INSTRUCTIONS TO FOLLOW »
Copy the data that follows exactly as it is, excluding all pictures.

COLLECTED DATA »
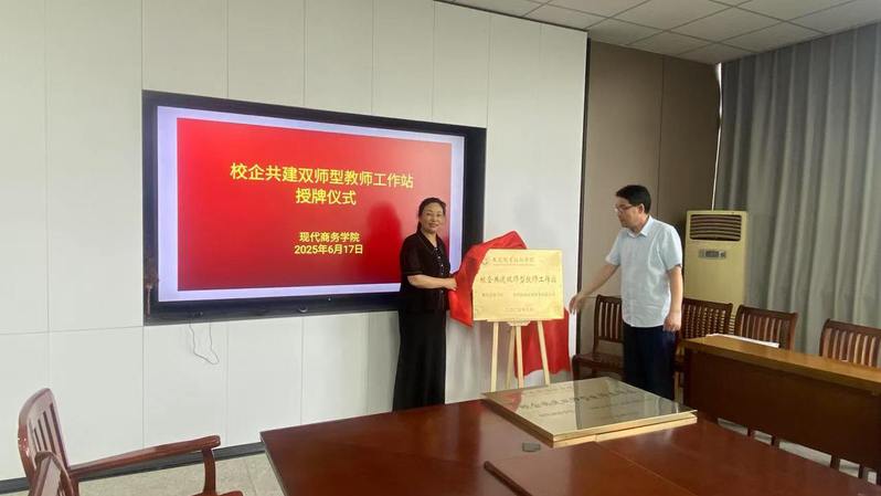 6月17日下午,现代商务学院与安庆协成商务服务有限公司、安徽云霁电子商务有限公司举行“校企共建双师型教师工作站”授牌仪式。安庆协成商务服务有限公司总经理杨根莲,安徽云霁电子商务有限公司总经理汪义德,现代商务学院院长金启胜,教学管理工作和学生工作负责人参加仪式并进行座谈。
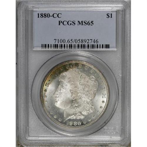 <B>1880-CC $1 MS65 PCGS.</B></I> Though the central devices show a touch of softness, this Carson City Morgan dollar offers impressive overall eye appeal. Richly frosted devices and nearby fields show scattered silver-gray haze, while the upper left obverse shows crescents of green-gold and sky-blue.<BR><BR><B>Coin Engraver:</B> George T. Morgan<BR><BR><b>Shipping:</b> Coins & Currency (<a target="_blank" href="http://www.heritageauctions.com/common/shipping.php">view shipping information</a>)
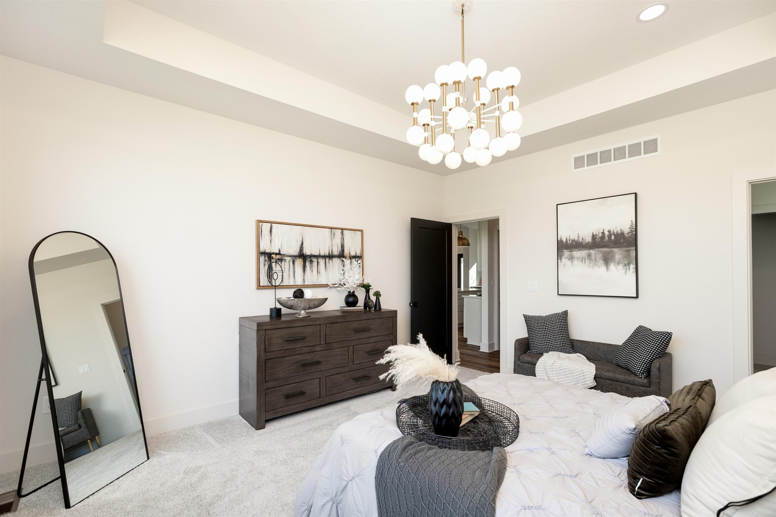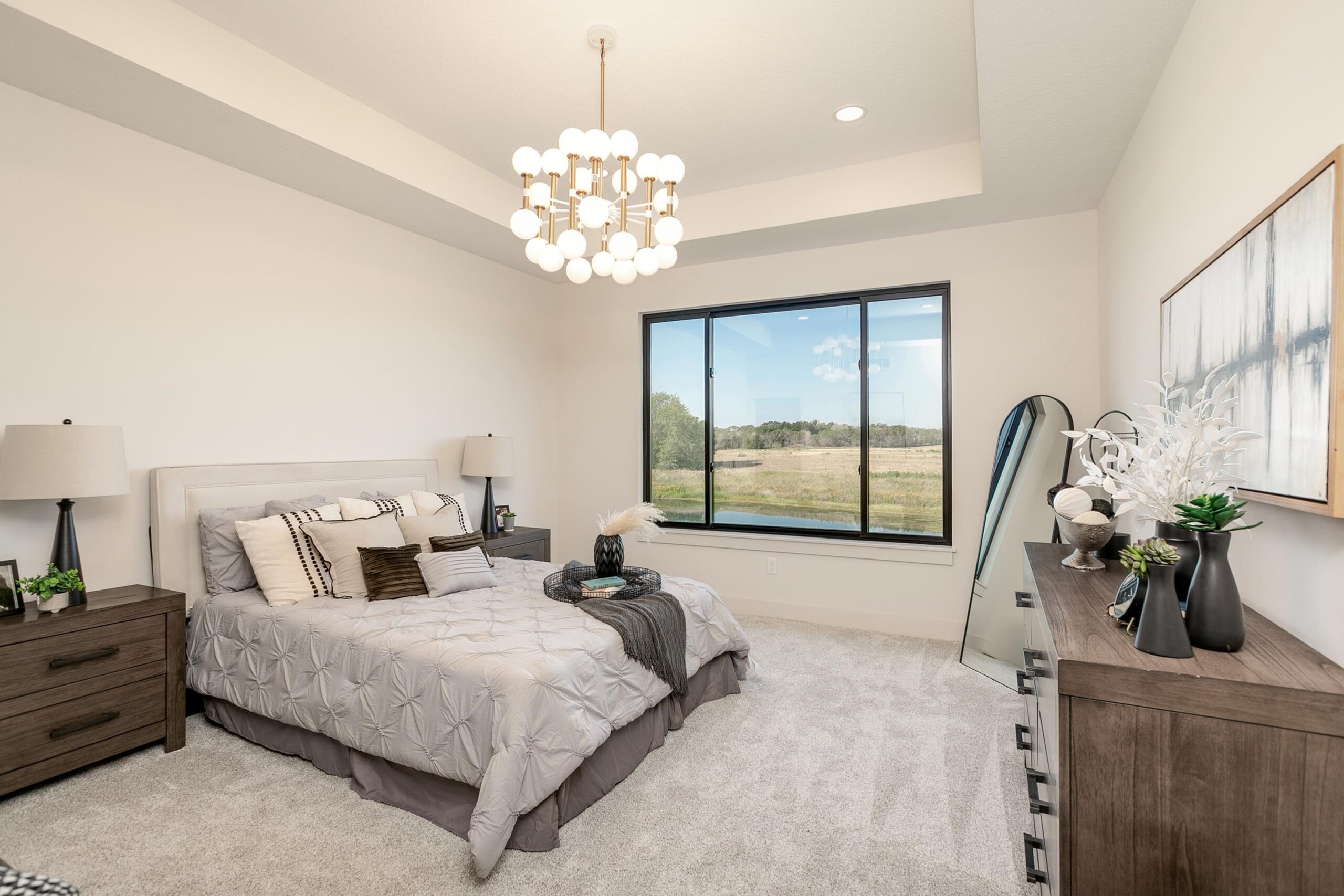 - Description: This is the showstopper “Kevin” plan with stairs to lower level located on the side corner of home with full glass walls! This is a 6 bedroom 3 bath home. You’l love the floor to ceiling windows in the vaulted living room. Kitchen is open and has the much coveted window over the kitchen sink looking to front of home. The pantry with double entries runs behind the length of the kitchen, and has 2 glass pocket doors that let in light but yet hide the space. The laundry room also houses a bench drop zone and connects to the spacious master closet. Stunning soaker tub with beautiful glass light fixture is a spa retreat in the primary bedroom suite, along with the walk in seamless glass shower. Bedrooms 2 and 3 are on the opposite side of the house with a hall bath in between. Basement is completely finished with a family room with entertainment wal and 2nd fireplace, wet bar, bath, and 3 more bedrooms! Large covered deck on back to enjoy those lake views! Information deemed reliable but not guaranteed and may change without notice. Specials may not be entirely spread yet on this lot. There is a $250 mailbox key at closing. Room sizes estimated. Information deemed reliable but not guaranteed and may change without notice. Specials may not be entirely spread on this lot. There is a $250 mailbox fee collected at closing. Room sizes estimated. Seller is licensed real estate agent in Kansas.
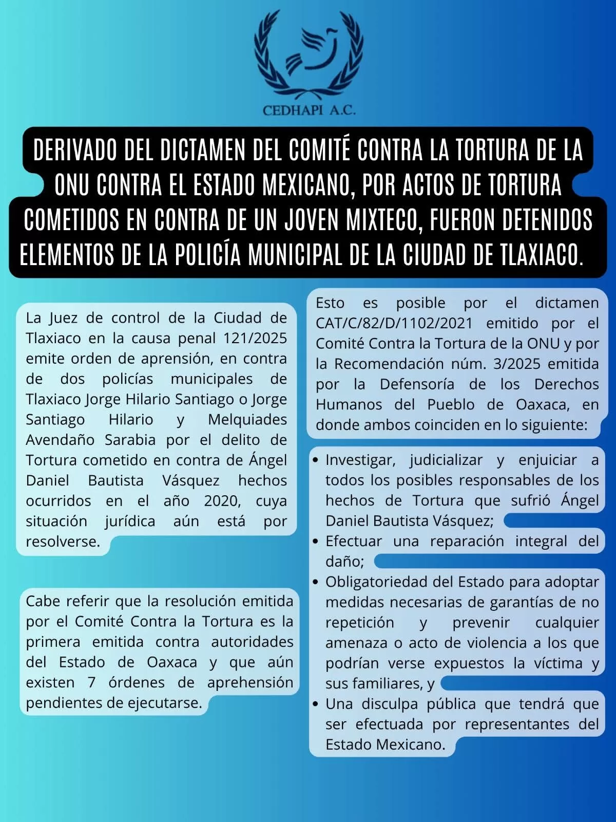 En un hecho sin precedentes en Oaxaca, el Comité Contra la Tortura de la Organización de las Naciones Unidas (ONU) emitió un dictamen en el que responsabiliza al Estado Mexicano por actos de tortura cometidos por elementos de la Policía Municipal de Tlaxiaco en contra del joven mixteco Ángel Daniel Bautista Vásquez, quien fue agredido brutalmente en 2020.

RESULT OF THIS TASK »
 6月17日下午,现代商务学院与安庆协成商务服务有限公司、安徽云霁电子商务有限公司举行“校企共建双师型教师工作站”授牌仪式。安庆协成商务服务有限公司总经理杨根莲,安徽云霁电子商务有限公司总经理汪义德,现代商务学院院长金启胜,教学管理工作和学生工作负责人参加仪式并进行座谈。
 <B>1880-CC $1 MS65 PCGS.</B></I> Though the central devices show a touch of softness, this Carson City Morgan dollar offers impressive overall eye appeal. Richly frosted devices and nearby fields show scattered silver-gray haze, while the upper left obverse shows crescents of green-gold and sky-blue.<BR><BR><B>Coin Engraver:</B> George T. Morgan<BR><BR><b>Shipping:</b> Coins & Currency (<a target="_blank" href="http://www.heritageauctions.com/common/shipping.php">view shipping information</a>)
 - Description: This is the showstopper “Kevin” plan with stairs to lower level located on the side corner of home with full glass walls! This is a 6 bedroom 3 bath home. You’l love the floor to ceiling windows in the vaulted living room. Kitchen is open and has the much coveted window over the kitchen sink looking to front of home. The pantry with double entries runs behind the length of the kitchen, and has 2 glass pocket doors that let in light but yet hide the space. The laundry room also houses a bench drop zone and connects to the spacious master closet. Stunning soaker tub with beautiful glass light fixture is a spa retreat in the primary bedroom suite, along with the walk in seamless glass shower. Bedrooms 2 and 3 are on the opposite side of the house with a hall bath in between. Basement is completely finished with a family room with entertainment wal and 2nd fireplace, wet bar, bath, and 3 more bedrooms! Large covered deck on back to enjoy those lake views! Information deemed reliable but not guaranteed and may change without notice. Specials may not be entirely spread yet on this lot. There is a $250 mailbox key at closing. Room sizes estimated. Information deemed reliable but not guaranteed and may change without notice. Specials may not be entirely spread on this lot. There is a $250 mailbox fee collected at closing. Room sizes estimated. Seller is licensed real estate agent in Kansas.
 En un hecho sin precedentes en Oaxaca, el Comité Contra la Tortura de la Organización de las Naciones Unidas (ONU) emitió un dictamen en el que responsabiliza al Estado Mexicano por actos de tortura cometidos por elementos de la Policía Municipal de Tlaxiaco en contra del joven mixteco Ángel Daniel Bautista Vásquez, quien fue agredido brutalmente en 2020.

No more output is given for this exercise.